Cuando yo me levanté él se levantó también, no me rebatió ni una sola palabra, simplemente me extendió la mano y estrechó la mía mientras a modo de despedida y siempre de buen talante me dijo simplemente dos palabras: “Good luck,”
El sábado llegué al “Medico Drugstore” y lo primero que hice fue preguntar por la muchacha que me había gustado y me dijeron que ya había abandonado el trabajo, y ese día me hicieron trabajar como un caballo bajando unas enormes cajas de 20 diferentes camiones, no me dieron ni la media hora para almorzar, trabajé “de campana a campana” con tremenda hambre, y cuando llegó la esperada hora de irme el encargado me dio un cubo de agua y un mapo y me indicó las tres oficinas que debía mapear. Llegué a mi hogar muerto de cansancio, me tiré en la cama pero no podía dormir pensando.
El domingo me lo pasé con el barrenillo en la cabeza sin saber qué hacer. El lunes, muy asustado y apesadumbrado, me monté en mi carro y me fui para la William Wright. Al entrar recibí la gran alegría de ver que todavía en la entrada permanecía la tarjeta con mi nombre y la ponché.
El corazón que se me quería salir del pecho, se me caía la cara de vergüenza, y con mucha pena me fui a la línea y comencé a meter los “ribbons” dentro de las cajas. Los cubanos se me acercaron contentos y me decían: “¡Coño, nosotros creíamos que te habías ido de la compañía!” Y sólo atiné a decirles: “Ustedes están locos ¿Quién les dijo eso? Dagoberto me respondió burlón: “¡Tú mismo me dijiste eso!”

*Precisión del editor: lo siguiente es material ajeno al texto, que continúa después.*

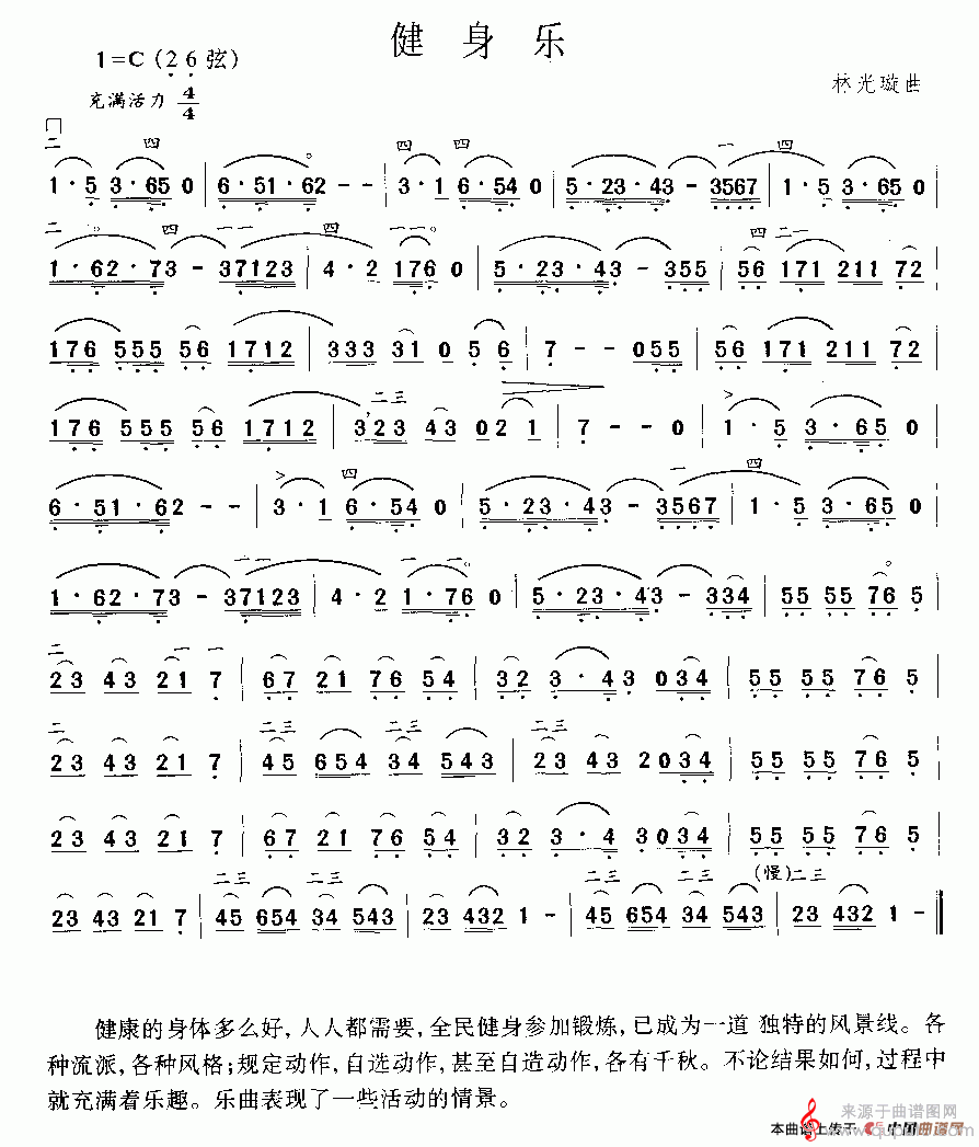 曲谱图网为您提供健身乐(健身乐胡琴乐器演奏歌曲版)找谱子,就上曲谱图网。

Yo pensaba que el inglés me sacaría a cajas destempladas de la factoría pero simplemente me pasó por el lado, se sonrío y me dijo: “Good morning Stevan” como si nada hubiera pasado.
Y este cuento tiene un final todavía más sorpresivo y feliz porque a la hora de retirarme, 35 años después de definitivamente haber abandonado esa compañía e irme a trabajar para la “A.T&T.” (esa vez sin despedirme y sin decir una sola palabra) me llegó una carta del Seguro Social diciéndome que recibiría una pensión de 548 dólares mensuales por vida de la William Wright Co.